Israeli Prime Minister Benjamin Netanyahu speaks at the Knesset in Jerusalem, Dec. 19, 2018. Photo: Reuters / Amir Cohen.

A number of pro-Israel US groups and figures, as well as Middle East analysts, have weighed in with concern following the political deal brokered by Prime Minister Benjamin Netanyahu on Wednesday that could bring followers of the late far-right extremist Rabbi Meir Kahane into the next Knesset, after the April elections.

Seeking to prevent the wasting of right-wing votes, Netanyahu — who heads the Likud party — agreed to give two cabinet posts to the HaBayit HaYehudi party on the condition that it merged with the smaller Otzma Yehudit party, which has a Kahanist outlook.

Running on its own, Otzma Yehudit — whose leaders include Michael Ben-Ari, Baruch Marzel, Itamar Ben-Gvir and Benzi Gopstein — likely would not have won any Knesset seats.

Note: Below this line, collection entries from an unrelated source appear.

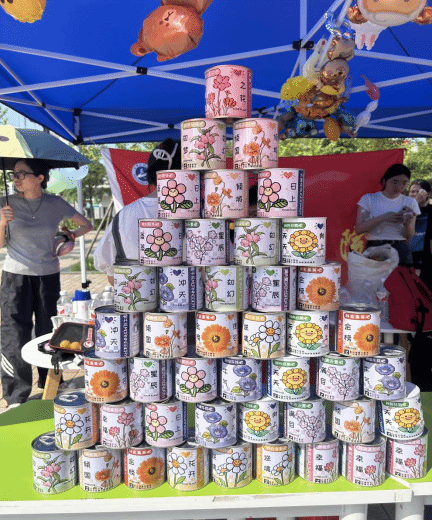 成功通关的挑战者们自行挑选各类罐头植物盆栽和卡通玩偶等小礼物,作为他们参与此次活动的美好回忆和纪念。
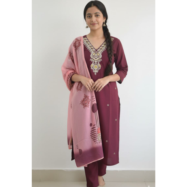 Gorgeous Rayon Party Wear Chudithar (3-Piece) with matching dupatta and bottom. Flowy, comfortable, and beautifully detailed.
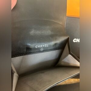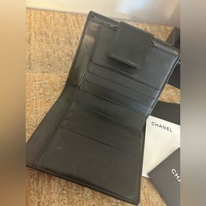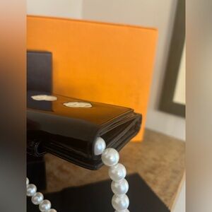 CHANEL FULL INCLUSION Camellia Patent Leather Bifold Pearl Crossbody Wallet
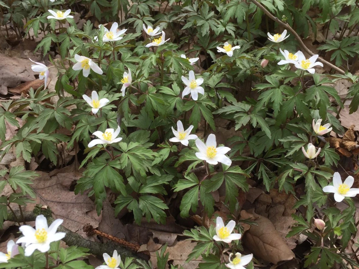 울창한 나무 아래에 하얗게 피어있는 꽃, 작고 순결해 보이는 이 꽃의 이름은 하늘 바람꽃이다. 한국의 깊은 산속에서 바람이 차가운 봄날 잠시 피었다가 지는 것을 본 적이 있다. 개화 시기가 잠깐이었던 것에 비하면 이곳에선 한 달 내내 오가며 하얗게 무리 지어 핀 바람꽃을 볼 수가 있다. 이 또한 내가 누리는 행복 중 하나이다.

Kahane, a US-born rabbi, served one term in the Knesset in the 1980s as head of the Kach party, which advocated the “transfer” of Palestinians to neighboring Arab countries and also called for a ban on intermarriage between Israeli Jews and Arabs.

Kahane’s movement was subsequently banned from Israeli politics as racist. He was assassinated in 1990 in New York by an Egyptian-born American.

Anti-Defamation League (ADL) National Director Jonathan Greenblatt tweeted on Wednesday, “There should be no room for racism & no accommodation for intolerance in Israel or any democracy.”

The ADL, he added, “previously has spoken out on hate-filled rhetoric of leaders of the Otzma Yehudit Party. It is troubling that they are being legitimized by this union.”

Greenblatt’s predecessor at the ADL, Abraham Foxman, tweeted, “Legitimizing racist candidates in the forthcoming Israeli election undermines Israeli democracy and its values. There is still time to reconsider this cynical political step.”

Robert Satloff, the executive director of the Washington Institute for Near East Policy, tweeted, “In 1981, I spent a day w/#Kahane as college journalist following #Israel’s election. Virtually alone w/him in his campaign tent, I’ll never forget him lecturing me on need to ban sex btw Jews & Arabs. I fear for any democracy that mainstreams such hate.”

Ex-US Ambassador to Israel Dan Shapiro pointed out that Kach had been blacklisted as a terror group by the US State Department in the 1990s.

“Of course, no votes have been cast or counted yet,” he tweeted. “These candidates may not be elected. But if they do get into the Knesset, US officials may once again have to decide how to relate to MKs with plausible ties to a designated Foreign Terrorist Organization.”

Former State Department negotiator Aaron David Miller tweeted, “Netanyahu uses cutouts to bring racist Kahanists into a merger with one of his coalition partners. But he’s the driving force. A day (FDR actually said date) that will live in infamy in his politics and Israel’s.”

Ann Lewis — a co-chair of the Democratic Majority for Israel group — stated, “Because we at Democratic Majority for Israel believe in a strong and democratic Israel, we are compelled to speak out against the possibility that followers of radical racist Meir Kahane could enter Israel’s parliament.”

“Making such individuals parliamentarians would be an insult to the ideals embodied in Israel’s Declaration of Independence, and the principles espoused by every previous Israeli prime minister from every party,” she continued. “We recognize that past Israeli governments and courts have banned the group to which these individuals belonged from participating in elections because of their incitement to racism. We have faith that Israeli voters will reject the representation of such values in their institutions.”

The Jewish Democratic Council of America tweeted, “For those of us who care about Israel’s future, this is a deeply concerning political development that goes against our core values. Extremists must not be legitimized in Israel, the U.S. or anywhere else.”

Most pro-Israel US groups on the center and right of the political spectrum did not comment on the matter.